Segment Start: Data extract

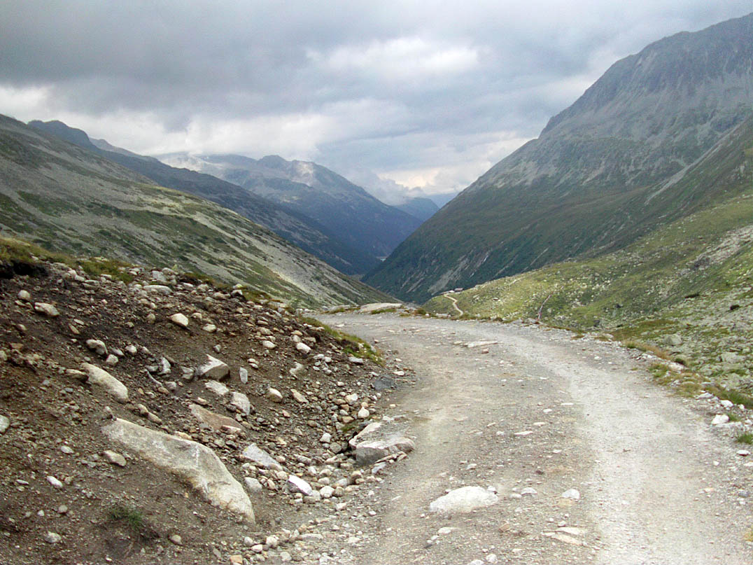 Erstaunlicherweise habe ich die doppelte Etappe vom Vortag gut weggesteckt. Ich breche um ca. 09:30 Uhr auf und fahre den MTB Weg Richtung Schlegeisspeicher. Ein holpriger, teils schlammiger Weg mit kurzen Schiebepassagen, aber alles in allem gut zu fahren. Die Anstiege sind passabel. Ich will noch ein letztes mal das Tal fotografieren, in dem ich übernachtet habe und... die Kamera springt nicht an... ICH HABE EIN KAMERAPROBLEM!!! Lag es daran, dass ich nach dem Aufladen das Kabel die ganze Nacht in der Kamera stecken ließ?
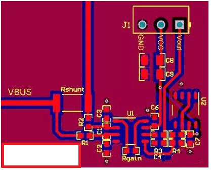 第二個誤差與INA增益設置電阻Rgain有關。U1引腳到Rgain焊盤的長度比實際需要的長度要長,因此會產生額外的電阻和電容。由于增益取決于INA增益設置引腳、引腳1和引腳8之間的電阻,因此額外的電阻可能會帶來錯誤的目標增益。由于INA的增益設置引腳連接到INA中的反饋部分,額外的電容可能會導致穩(wěn)定性問題。因此,確保連接增益設置電阻的線路盡可能短。
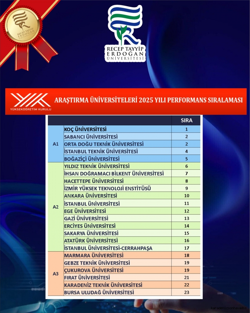 Yükseköğretim Kurulu tarafından açıklanan 2025 Yılı Araştırma Üniversiteleri Performans Sıralaması sonuçlarına göre RTEÜ, “Araştırma Üniversitesi Adayı” olarak izlemeye alınan üniversiteler listesine girdi.
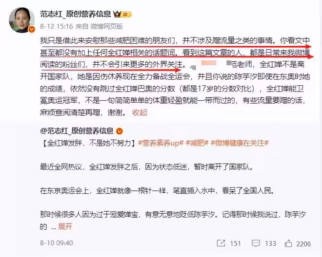 就在范志紅髮完文章後的第3天,這位名叫「李子暘Lee 」的博主特意轉發了這篇文章,還配文說:
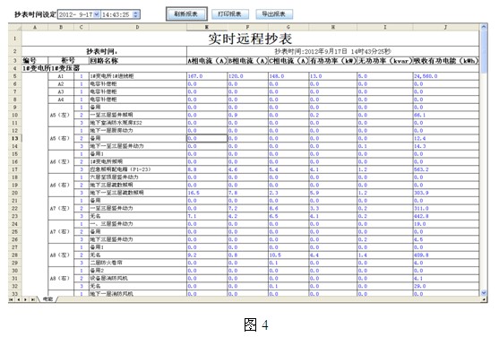 4.2報表功能:通過報表功能可以查詢任意時刻主要回路的全常規電參量數據、低壓回路的用電量、低di壓ya饋kui線xian回hui路lu的de漏lou電dian流liu值zhi和he配pei電dian線xian纜lan溫wen度du值zhi。用yong戶hu主zhu要yao關guan注zhu的de是shi用yong電dian量liang報bao表biao,用yong電dian量liang報bao表biao用yong於yu對dui租zu戶hu進jin行xing電dian費fei收shou費fei計ji量liang以yi及ji與yu供gong電dian局ju數shu據ju核he對dui後hou進jin行xing成cheng本ben核he算suan,如ru下xia圖tu4、5所示;
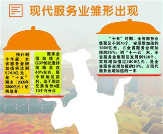 五年來(lái),全省不斷改造提升傳統(tǒng)服務(wù)業(yè),大力發(fā)展需求潛力大的現(xiàn)代服務(wù)業(yè),鞏固提高商貿(mào)等支柱服務(wù)業(yè)的整體規(guī)模和水平,實(shí)現(xiàn)了多個(gè)新興行業(yè)和關(guān)鍵領(lǐng)域的重點(diǎn)突破,基本形成了二、三產(chǎn)業(yè)共同拉動(dòng)經(jīng)濟(jì)又好又快增長(zhǎng)的格局。省發(fā)改委表示,下一個(gè)5年,我省將力爭(zhēng)形成物流、旅游、金融、文化、信息、中介6個(gè)增加值或收入過(guò)千億元的現(xiàn)代服務(wù)業(yè)產(chǎn)業(yè),力爭(zhēng)服務(wù)業(yè)增加值實(shí)現(xiàn)過(guò)萬(wàn)億元的突破,占全省GDP比重達(dá)到43%。
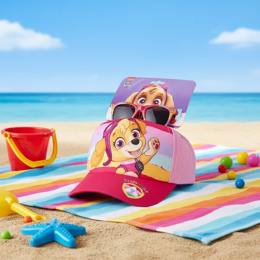 Cet ensemble réunit une paire de lunettes de soleil à protection UV totale et une casquette Pat’ Patrouille pour un look fun et protecteur.

Segment End: Data extract

Exercise details — The reply should hold every record, unchanged, and no pictures.

Final answer —
 Erstaunlicherweise habe ich die doppelte Etappe vom Vortag gut weggesteckt. Ich breche um ca. 09:30 Uhr auf und fahre den MTB Weg Richtung Schlegeisspeicher. Ein holpriger, teils schlammiger Weg mit kurzen Schiebepassagen, aber alles in allem gut zu fahren. Die Anstiege sind passabel. Ich will noch ein letztes mal das Tal fotografieren, in dem ich übernachtet habe und... die Kamera springt nicht an... ICH HABE EIN KAMERAPROBLEM!!! Lag es daran, dass ich nach dem Aufladen das Kabel die ganze Nacht in der Kamera stecken ließ?
 第二個誤差與INA增益設置電阻Rgain有關。U1引腳到Rgain焊盤的長度比實際需要的長度要長,因此會產生額外的電阻和電容。由于增益取決于INA增益設置引腳、引腳1和引腳8之間的電阻,因此額外的電阻可能會帶來錯誤的目標增益。由于INA的增益設置引腳連接到INA中的反饋部分,額外的電容可能會導致穩(wěn)定性問題。因此,確保連接增益設置電阻的線路盡可能短。
 Yükseköğretim Kurulu tarafından açıklanan 2025 Yılı Araştırma Üniversiteleri Performans Sıralaması sonuçlarına göre RTEÜ, “Araştırma Üniversitesi Adayı” olarak izlemeye alınan üniversiteler listesine girdi.
 就在范志紅髮完文章後的第3天,這位名叫「李子暘Lee 」的博主特意轉發了這篇文章,還配文說:
 4.2報表功能:通過報表功能可以查詢任意時刻主要回路的全常規電參量數據、低壓回路的用電量、低di壓ya饋kui線xian回hui路lu的de漏lou電dian流liu值zhi和he配pei電dian線xian纜lan溫wen度du值zhi。用yong戶hu主zhu要yao關guan注zhu的de是shi用yong電dian量liang報bao表biao,用yong電dian量liang報bao表biao用yong於yu對dui租zu戶hu進jin行xing電dian費fei收shou費fei計ji量liang以yi及ji與yu供gong電dian局ju數shu據ju核he對dui後hou進jin行xing成cheng本ben核he算suan,如ru下xia圖tu4、5所示;
 五年來(lái),全省不斷改造提升傳統(tǒng)服務(wù)業(yè),大力發(fā)展需求潛力大的現(xiàn)代服務(wù)業(yè),鞏固提高商貿(mào)等支柱服務(wù)業(yè)的整體規(guī)模和水平,實(shí)現(xiàn)了多個(gè)新興行業(yè)和關(guān)鍵領(lǐng)域的重點(diǎn)突破,基本形成了二、三產(chǎn)業(yè)共同拉動(dòng)經(jīng)濟(jì)又好又快增長(zhǎng)的格局。省發(fā)改委表示,下一個(gè)5年,我省將力爭(zhēng)形成物流、旅游、金融、文化、信息、中介6個(gè)增加值或收入過(guò)千億元的現(xiàn)代服務(wù)業(yè)產(chǎn)業(yè),力爭(zhēng)服務(wù)業(yè)增加值實(shí)現(xiàn)過(guò)萬(wàn)億元的突破,占全省GDP比重達(dá)到43%。
 Cet ensemble réunit une paire de lunettes de soleil à protection UV totale et une casquette Pat’ Patrouille pour un look fun et protecteur.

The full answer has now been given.